# Mystery Snail Diet



## gr7070 (Apr 13, 2012)

I read they eat algae wafers and fresh vegetables. I also read elsewhere that they'll eat dried flake. 

So if dried flakes is all we put in the tank is that a reasonable diet for them?


----------



## jacksonofikonic (Mar 26, 2012)

I don't have a snail but I feed my stock more than flakes. I mix it up between frozen blood worms, sun dried blossom worms, flakes, shrimp live and frozen, fresh veggies, alge waffers, and pellets.


----------



## Summer (Oct 3, 2011)

they will eat algae wafers, and fresh veggies. Mine always enjoyed zucchini.

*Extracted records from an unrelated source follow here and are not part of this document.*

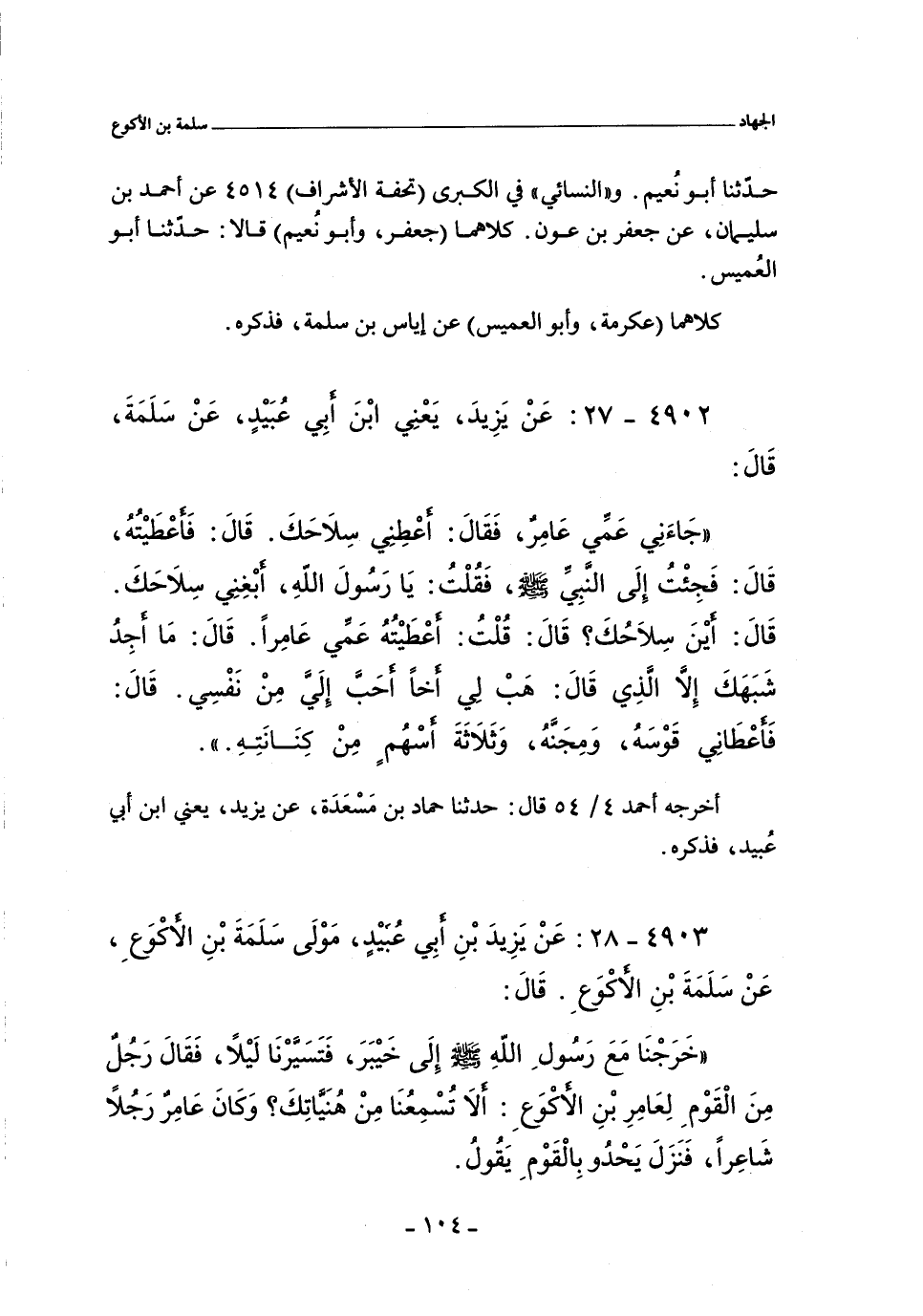 ٤٩٠٣ - عَنْ يَزِيدَ بن أَبي عُبَيدِ، مَولَى سَلَمَةَ بن الأَكوَعِ، عَن سَلَمَةَ بْنِ الأَكْوَعِ. قَالَ: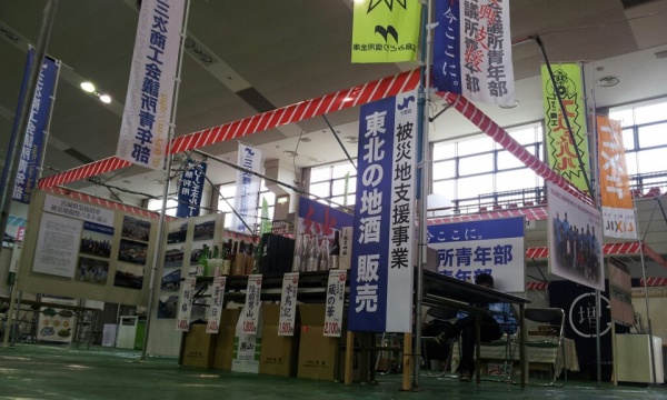 当会三次YEGでは、親会事業への参画だけでなく青年部としてブースを出店し、昨年同様三次YEGと気仙沼YEG(仙台)との連携で、東日本大震災復興支援として東北の地酒を販売しました。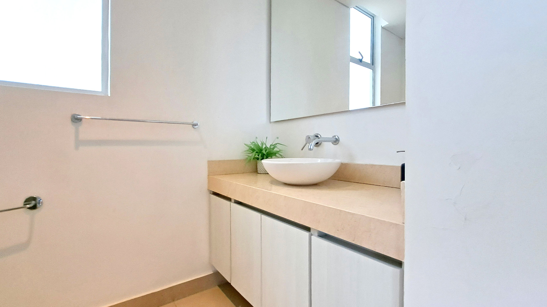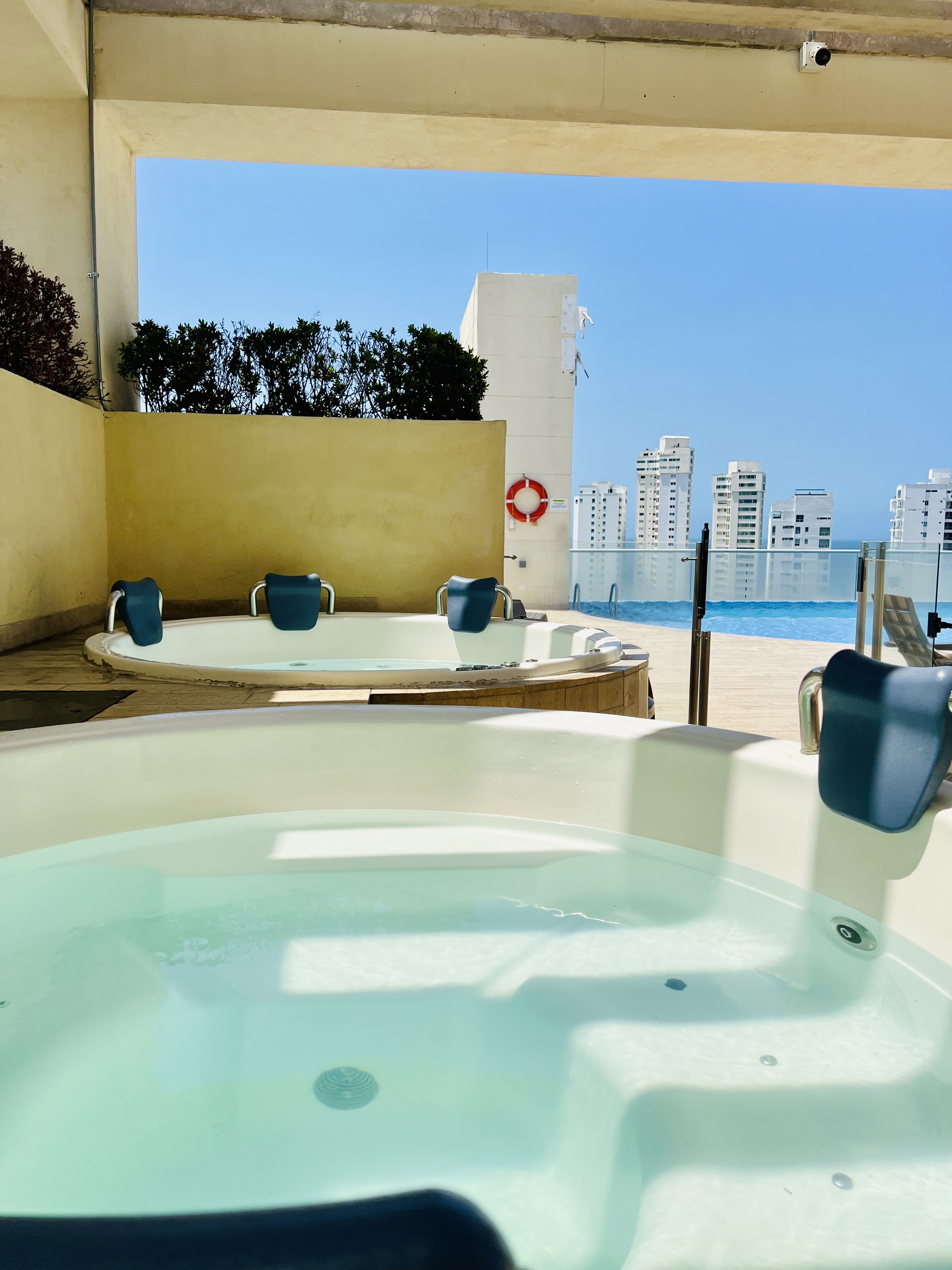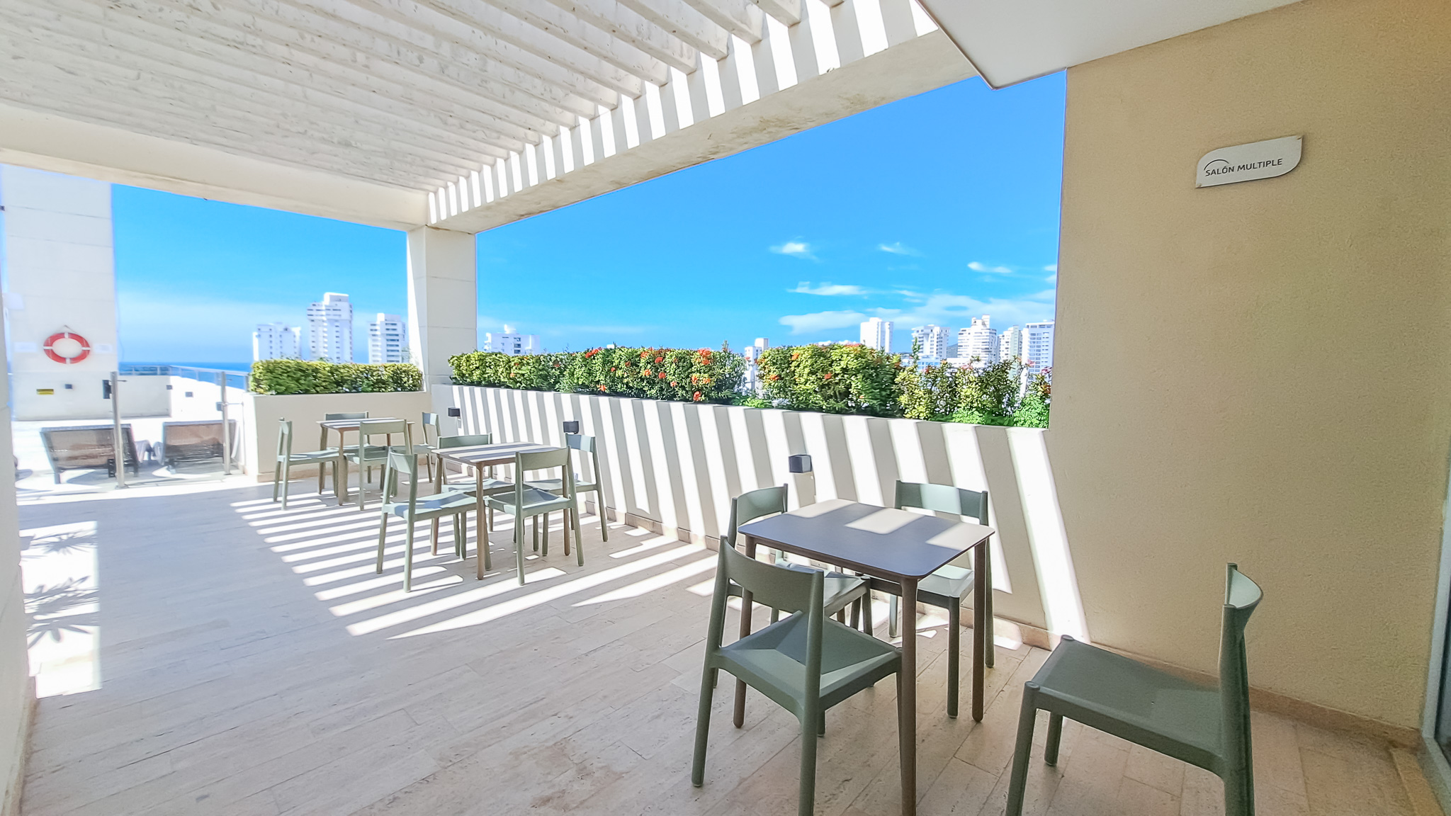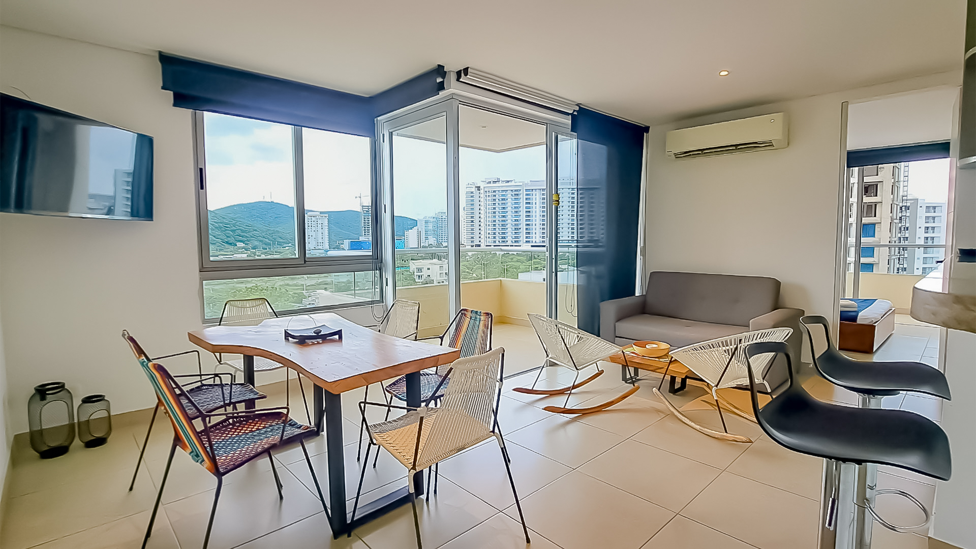El apartamento cuenta con 2 baños en total, perfectos para satisfacer las necesidades de tu familia y huéspedes. Además, podrás disfrutar de un delicioso desayuno o de una cena romántica en el balcón, mientras disfrutas de la agradable brisa y las vistas panorámicas de la ciudad.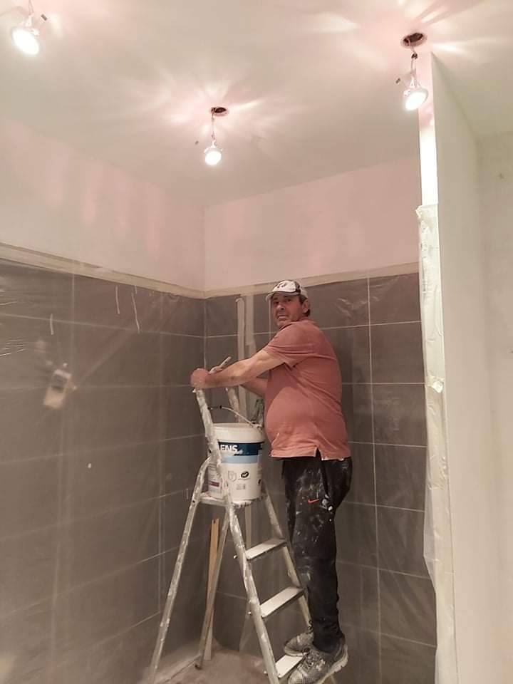- Travaux de maçonnerie : ragréage du sol et lissage des murs, création d'une cloison en carreau de plâtre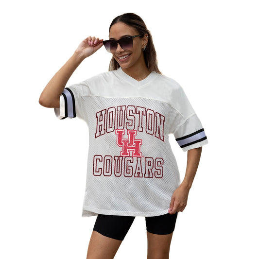 HOUSTON COUGARS A STEP AHEAD ICONIC OVERSIZED MESH SHORT SLEEVE V-NECK FASHION JERSEY TOP WITH SIDE SLITS
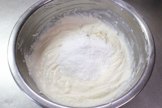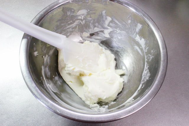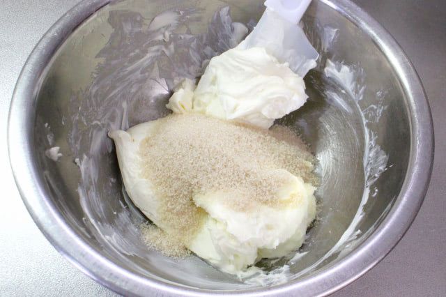 1. ボウルにクリームチーズを入れて、クリーム状になるまでシリコンベラで混ぜます。砂糖も加え、しっかりと混ぜ合わせます。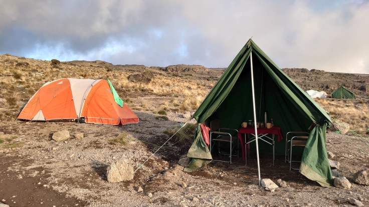 Пришли на новую стоянку. Тут мы заночуем и завтра отправимся в штурмовой лагерь. Как же всё-таки приятно идти по дороге, когда светит солнышко, даже если приходится надевать очки. Сегодня мне шлось намного легче, даже учитывая подъём на скалу, то ли вчерашняя акклиматизация сработала, то ли сон, то ли обилие суккулентов по маршруту, которые создавали впечатление какой-никакой, но всё же растительности, а может и всё вместе взятое.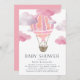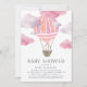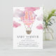 Feiern Sie Ihr kleines Mädchen unterwegs mit dieser süßen Babydusche-Einladung in sanften Pastellfarben. Das Design zeigt eine Heißluftballondarstellung in pfirsichfarben und rosa, umgeben von rosa und grauen Wolken, und Ihre Veranstaltungsdetails befinden sich unter rauchblauen grauen Buchstaben.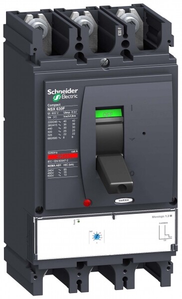 Автоматический выключатель Compact NSX630H Schneider Electric, 3P3d - номинальный ток 500 А - Icu = 70 кА 380/415 В - Ics=100% Icu - с электронным расцепителем Micrologic 1.3-M (защита электродвигателей I) - ШхВхГ – 160x290x150 мм - исполнение – стационарный - монтаж - на DIN-рейке или плате. Преимущества: Прямой доступ к экономии затрат, безопасность и защита, контроль и измерение параметров электроэнергии, надежность энергоснабжения, простота и удобство. Применения: Применение в системах электроснабжения объектов любого масштаба – от крупнейших промышленных предприятий до офисных зданий для защиты распределительных сетей, генераторов, кабелей большой протяженности, электродвигателей.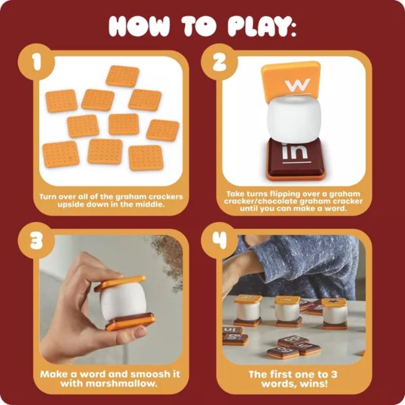 ¡Apila, deletrea y gana! forma palabras con galletas graham y chocolate, toma un malvavisco y aplástalo. ¡El primero en formar 3 s'mores gana!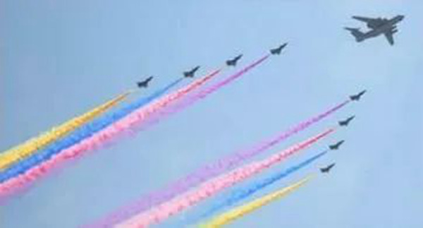 新成立的中国人民解放军空军编队飞过天安门广场上空
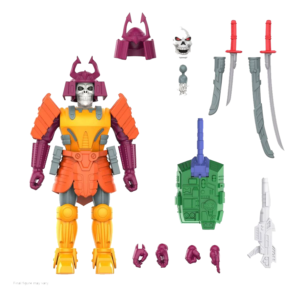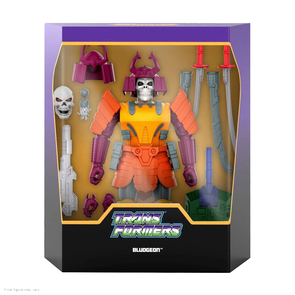 This highly-articulated Transformers ULTIMATES! figure of Bludgeon is inspired by the vintage toy and comics, standing 8.5” in his helmet and featuring interchangeable heads and hands along with an assortment of hand-to-hand combat weapons ready to mete out punishment upon any Autobots that cross him.

Just slice and jab with a fork to sink to the bottom


----------



## jbrown5217 (Nov 9, 2011)

Yep, algae wafers and zucchini or lettuce. You can always blanch it too so that you don't need to sink the zucchini or lettuce with a fork.


----------



## NeonShark666 (Dec 13, 2010)

Mystery Snails will eat any of the Bottom Feeder Pellets used for Corys. They will also eat bits of Salad Shrimp. They also like to eat any Algae they find on the Plants and Glass in their tanks.


----------



## gr7070 (Apr 13, 2012)

How big a slice do I feed it? Daily?


----------



## WaterPanda (May 23, 2012)

i have a mystery snail and they are decay/ algae eaters if you blanch vegis to make them on the softer side it helps but basically anything that you feed your other fish that falls to the floor will work for them, dont leave anything in there for more then 3 days or so,or you risk an ammonia spike/ Ph inbalance but feed as much as they will eat just have to judge it


----------



## Phalp (Jun 27, 2012)

I let mine eat pieces of soft dark lettuce right out of my fingertips as a treat. They'll devour a pinky nail sized piece in 60 seconds flat.


----------



## holly12 (Apr 21, 2011)

Mine eat the left over fish flakes that fall to the bottom, any left over frozen blood worms and brine shrimp they find, veggie and hard wood food sticks that I toss in 2-3 times a week and also zucchini and yam pieces that I put in 1-2 times a week.

I wouldn't feed them JUST fish flakes... who knows if they are getting enough right? Plus, a varied diet is always better.


----------